The Kyoto pact was given a new lease on life in the form of a “second commitment period” to follow the first leg that ends on December 31.

It will run from January 1, 2013 to the end of 2020, binding the 27-member European Union and 10 other industrialised nations, including Australia and Switzerland, to emission cuts.

Funding for developing nations

The text of the Doha deal urges developed countries to announce pledges “when their financial circumstances permit”.

The issue had threatened to derail the annual UN huddle, with developed nations under pressure to put money on the table from next year, growing to at least $100bn per year by 2020.

The rich world had provided a total $30bn in funding for poor countries’ climate plans in 2010-2012, but the European Union, US and Japan have pledged nothing for the period 2013-2019.

Developing countries say they need at least another $60bn between now and 2015, starting with $20bn from next year, to deal with a climate change-induced rise in droughts, floods, rising sea levels and storms.

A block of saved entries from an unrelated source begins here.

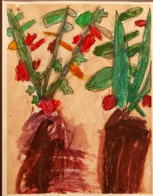
Evangeline Heindel Kindergarten Indian Paint Brush Mixed Media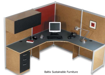
Baltix Sustainable Furniture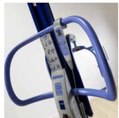
Ergonomic handles assists in smooth manoeuvring.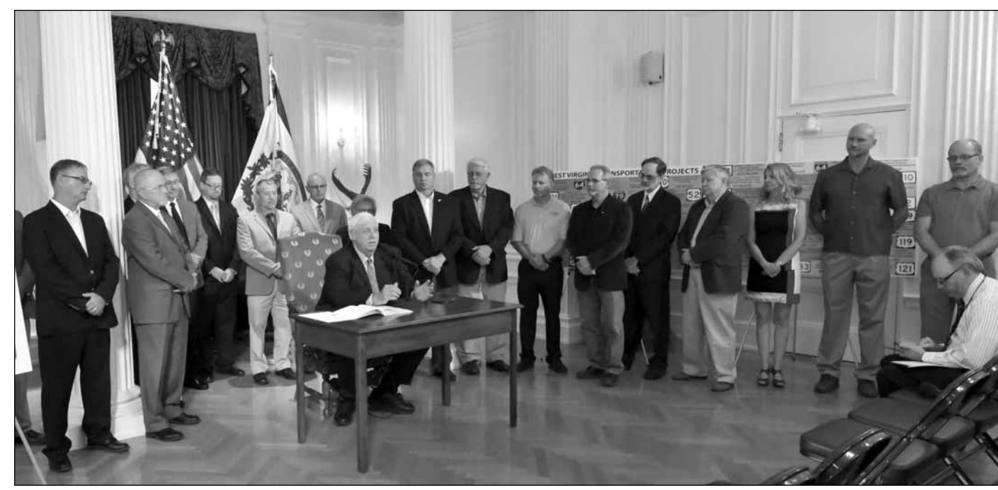
Representatives from the Trades and others join Governor Jim Justice at a bill signing ceremony to fund road construction. Justice also signed a proclamation setting the Road Bond vote date for October 7.

The Governor's plan is to use that Cont. on p. 3 >>

The Doha text urges developed nations to submit by next year’s UN climate huddle in Warsaw “information on their strategies and approaches for mobilising scaled-up climate finance to $100bn per year by 2020.”

Loss and damage

In response to a call from poor countries and those most vulnerable to climate change-related damage, delegates from the developed world gave the go-ahead after long fights behind closed doors for the creation in Warsaw of “institutional arrangements” for loss and damage.

New global deal

The parties reiterated their intention to draft a new, global pact by 2015 to replace the Kyoto Protocol from 2020. 

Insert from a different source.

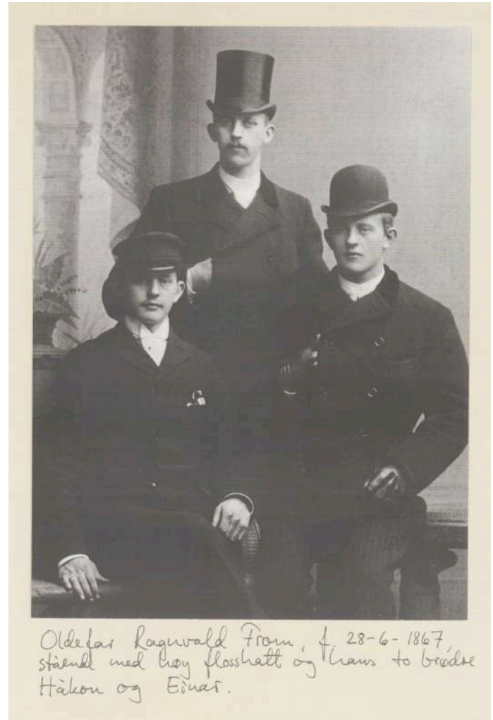
Fig. 2: From Brothers, ca.1890

Although the newspaper file itself was a high resolution TIFF, the photograph had several severe quality issues, notably, the heavy distortion on the right side of the subject's nose and an overt lack of visibility around the eyes and mouth (Figs. 3 & 4). These distortions caused a distinct imbalance within the overall newspaper photograph. Barring some unknown accident that may have affected his features, I suspected this image, for the most part, to not be an accurate representation of the captain. This notion presented itself even before I became aware of the family photograph.

The new deal will bind all the world’s nations but the conference said a draft negotiating text must be finalised no later than May 2015. 

The gathering welcomed plans by UN chief Ban Ki-moon to host world leaders during the course of 2014 to give  momentum to the quest for a new deal by 2015.

Pre-2020 Emissions

The conference said ways must be found to close the growing gap between countries’ emissions targets and the actual 
curbs required to keep Earth on track to manageable warming of no more than two degrees Celsius (3.6 degrees Fahrenheit) on average from pre-industrial levels.